Естественно, изначально она думала, что побудет у нее недолго, съест мороженое, послушает сказку, а потом она отвезет его в полицию. Она ведь не похититель какой-нибудь, а родителям будет полезно немного поволноваться и выслушать упреки полицейских в том, что они не следят за ребенком. Нельзя же было отпускать его одного на улицу. Тем более без верхней одежды. И своей фамилии он не знал, а вот у ее первого Юхана лежала в кармане бумажка с адресом и телефоном родителей. Не потому, что она когда-либо оставляла его без присмотра, но, если у тебя ребенок, лишняя предосторожность не повредит. Родителям повезло, что его нашла она, Лили.
Но малыш оказался так голоден, бедняга, что Лили подумала, не оставить ли его поужинать.
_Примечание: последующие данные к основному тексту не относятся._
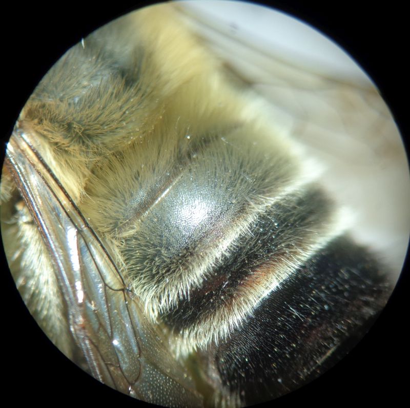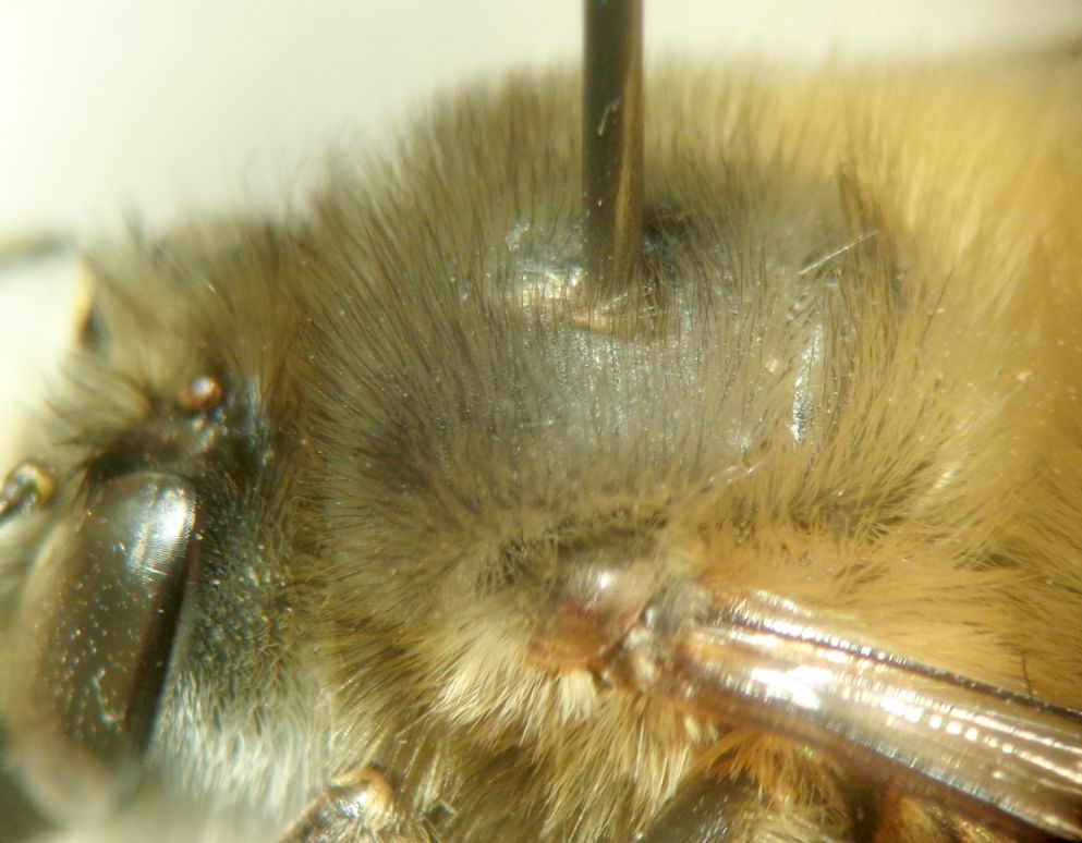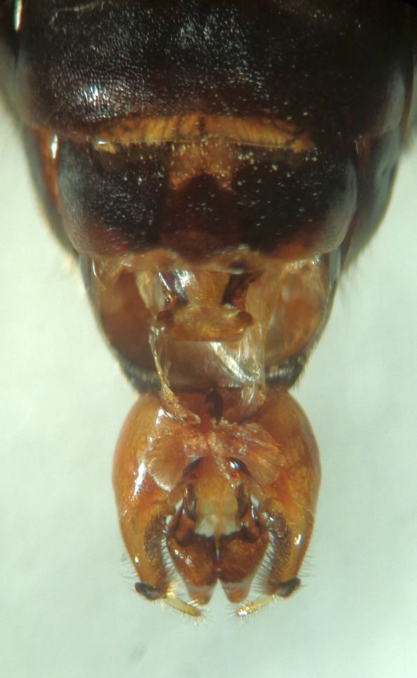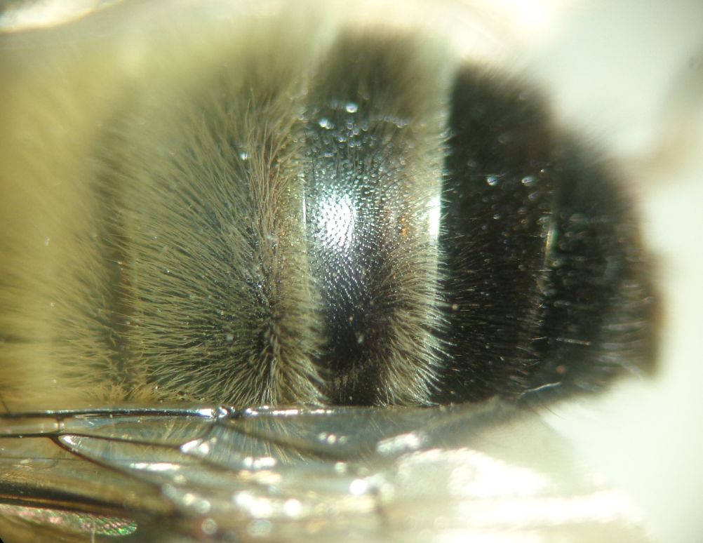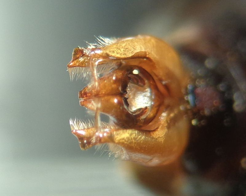 Ecco qua: l'ultimo sternite ha una spazzola basale evidente di peli eretti chiari e apicalmente due modesti rilievi con ciuffo di peli bruni; il penultimo ha una leggera carena basale ad arco che porta una serie di peli semieretti chiari. Il pigidio porta apicalmente due fossette che sottendono ad una elevazione centrale rettangolare (vedi foto).

Вот такие у нее были мысли. Пока она не разгадала божий замысел.
Первую неделю он плакал каждый вечер перед сном, звал маму и папу, пока не падал от усталости. Она объясняла, что им пришлось ненадолго уехать, со временем все пошло лучше, и через несколько недель он уже почти не вспоминал ни родителей, ни кошку, ни куклу Мулле. Как-то вечером Лили услышала, как он понарошку говорит с мамой по старому мобильному телефону, который был у него в кармане, когда она его нашла, и в следующий же свой выезд на автомобиле она взяла телефон с собой и просто выбросила в канаву. В конце концов мальчик, казалось, и вовсе позабыл родных.
В первый раз, когда он назвал ее мамой, он, похоже, сам удивился: он сказал это между делом, слово просто попало в поток других слов, и Лили сделала вид, что ничего странного в этом нет, что это самая естественная вещь на свете, и с тех пор он продолжал называть ее мамой, и она себя тоже.
Сейчас мама ненадолго уедет. Ты побудешь дома с Лизой. Мама запрет дверь, но скоро вернется.
Снова называть себя мамой — это было непередаваемо. Слова лились из нее, как жидкое золото, освещая ее изнутри, она чувствовала это и даже замечала, глядя на себя в зеркало.
Однако жизнь матери-одиночки, особенно в ее возрасте, была нелегка. Отдавать его в садик она не собиралась, так как всегда считала, что если заводишь ребенка, то сиди с ним дома сама. Ее Юхан не ходил в детский сад ни одного дня за всю свою почти четырехлетнюю жизнь.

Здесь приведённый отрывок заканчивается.